The "big deal" today comes at 2:15 PM (ET), when the FOMC releases its post-meeting statement. What will be said about possible additional rate hikes going forward? This will be the most important (and trickiest) communique the Fed has issued since it began raising rates almost two years ago. The bullish camp is convinced it will get what it wants, as in language strongly suggesting a "puase" from here forward. However, a Fed goof in portraying intentions will exacerbate the dollar's travail, and the greenback already is in serious trouble. This is a development Wall Street greedmeisters pretty much have ignored. However, additional dollar weakness from current levels will render this ignorance-is-bliss approach impossible.
How about this? A rate hike of 50 basis points and some pause language in the after-meeting statement? Highly doubttful -- it is too much like serious monetary policy!

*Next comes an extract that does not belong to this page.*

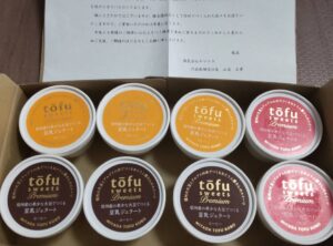 今年の第一弾はとうふアイスを頂きました。豆腐は無理にアイスにしなくてもいいかなと思いました。第二弾は昨年も頼んで好評だった豆腐焼きどーなつにしました。
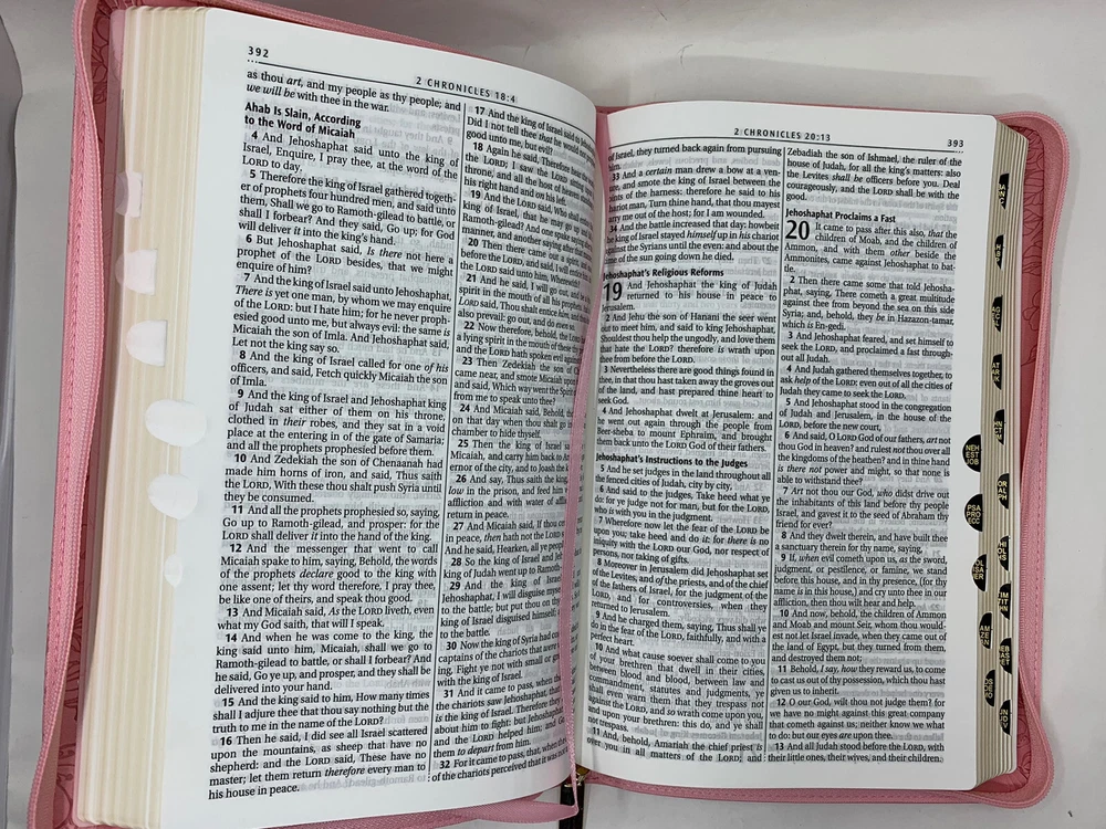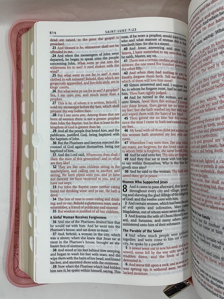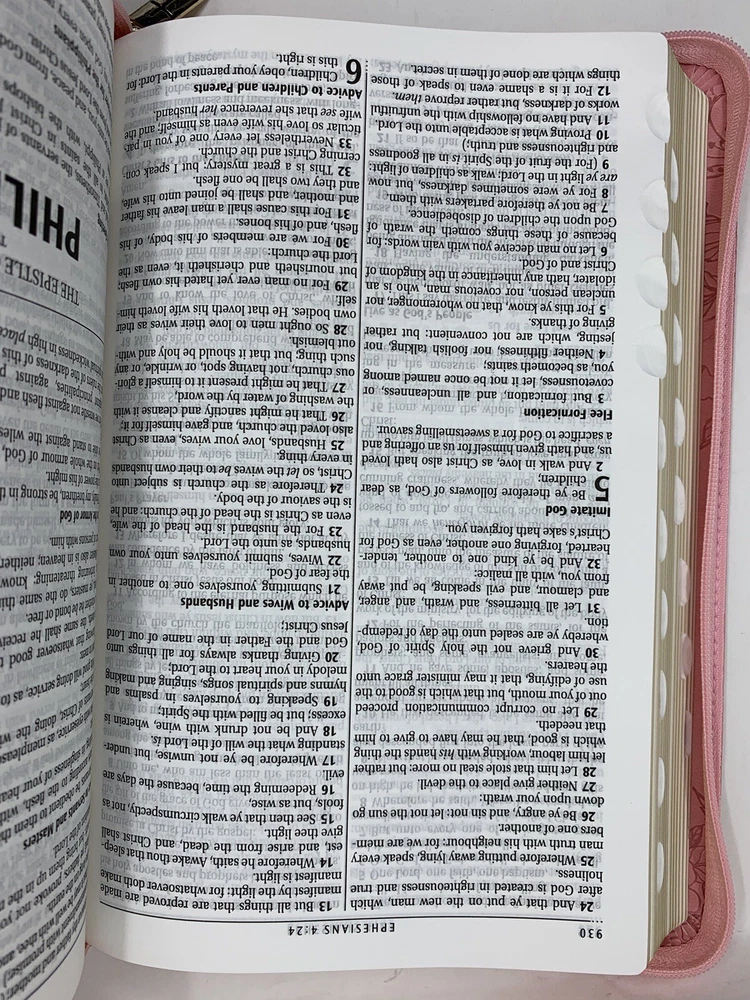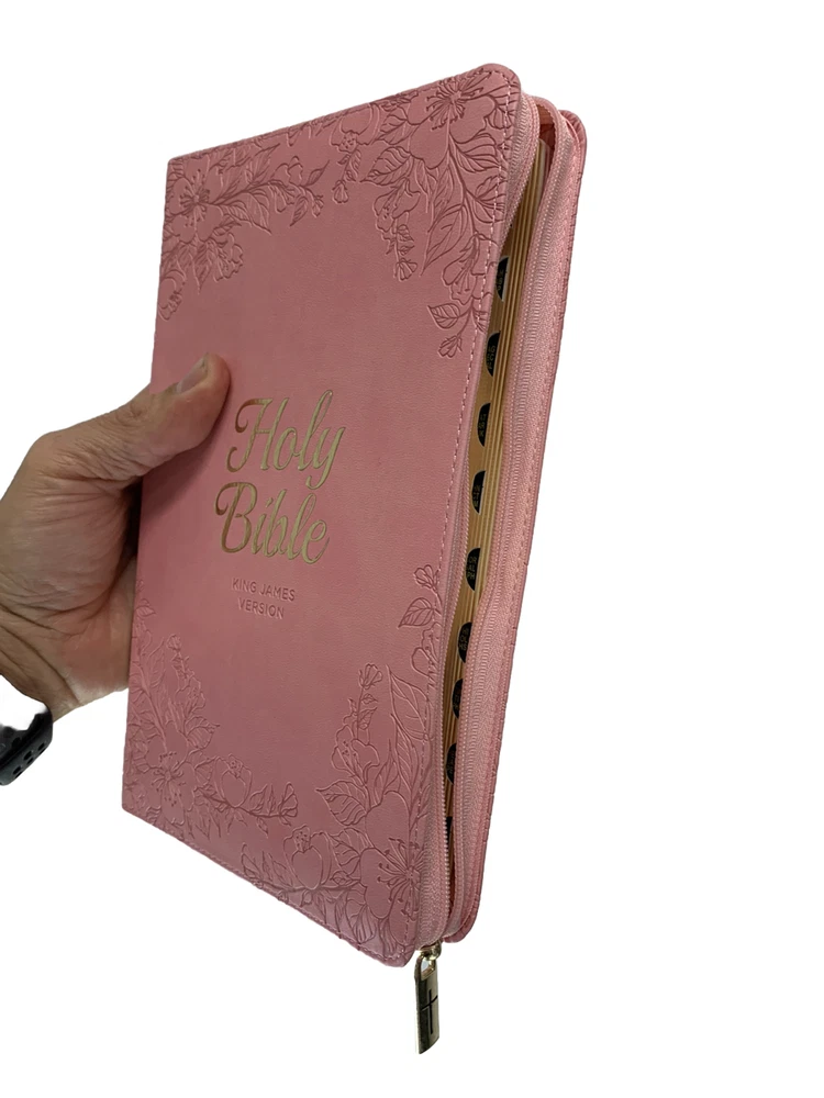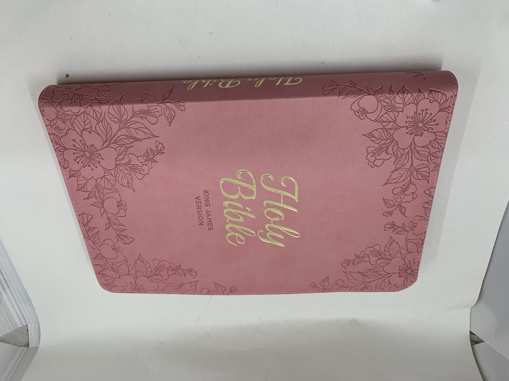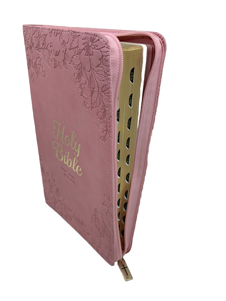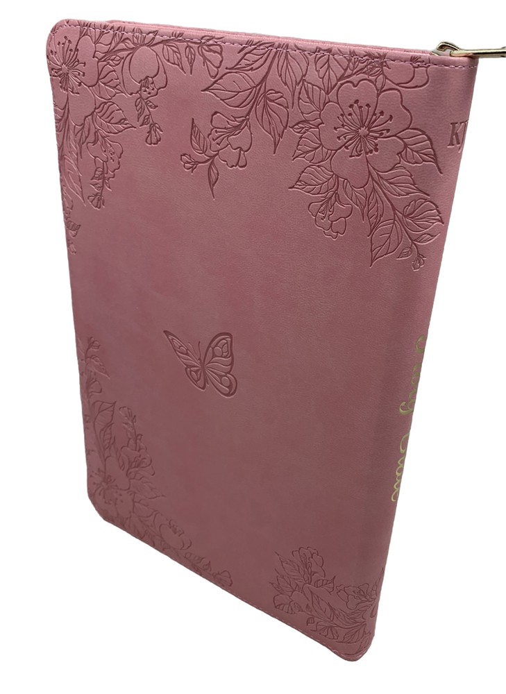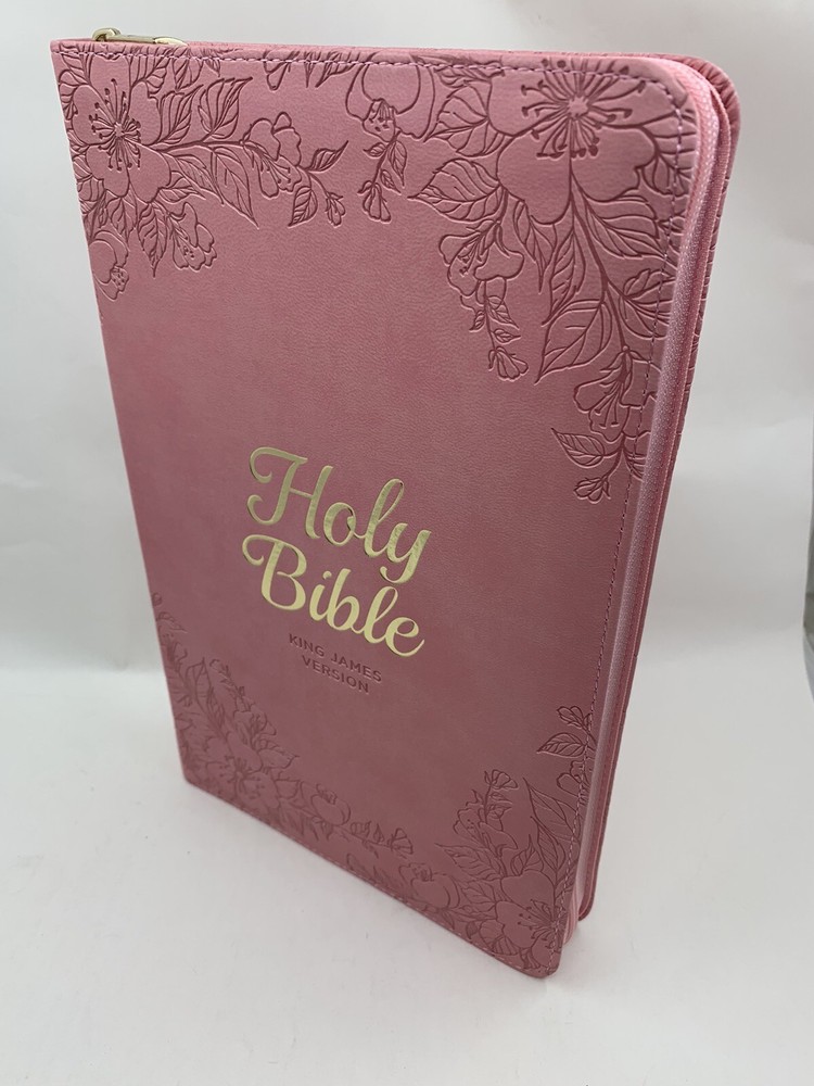 The Blossom Pink Faux Leather King James Version Deluxe Gift Bible with Thumb Index and Zippered Closure is a delightful choice to commemorate a daughter's baptism or confession of faith. Its exquisite design and thoughtful features make it a meaningful gift that she will cherish during this significant milestone in her life. Heat-debossed floral design Blossom-pink faux leather Gold-foiled title Heat-debossed version reference Gold-foiled spine title and heat-debossed version reference Classic King James Version text Deluxe Gift Bible Zippered closure Cross-engraved gold metal zipper pull Attached satin ribbon marker Gilt-edged pages Thumb index Flexcover Lay-flat spine Double-column format Reader-friendly subheadings Words of Christ in red ink Thematic Scripture verse finder One-year Bible reading plan 8 full-color maps Presentation page 1002 pages Text size: 9-point type Packaged in full-color printed cardboard sleeve Size: 9.1" x 6" x 1.1" (231 x 152 x 28 mm)

The Markets: Interest Rates: Based on the relatively strong 2.31 bid-to-cover ratio achieved in yesterday's three-year T-Note auction, the general presumption is that the sale went well. As stated yesterday, I'm not convinced that given the fullness of a little time, the auction went as well as the consensus is opining. I think that in the current environment, the 4.875% coupon is too thin -- it should have been 5.00%.
The Dollar: One word does it in describing the dollar's behavior, to wit: "awful!" It is acting badly for all the right reasons, too. Moreover, incorporated in the lousy performance is the assumption the Fed will raise rates another quarter point today -- precisely why the FOMC should strongly consider a 50 basis-point outcome.
MAJOR REMINDER: The stock-market crash in 1987 had its genesis months earlier with dollar weakness that accelerated as the summer progressed, forcing up interest rates, ultimately blowing up the stock market!
Gold: The dollar's loss is gold's gain, although bullion continues to have a good deal more going for it than just a stinko greenback.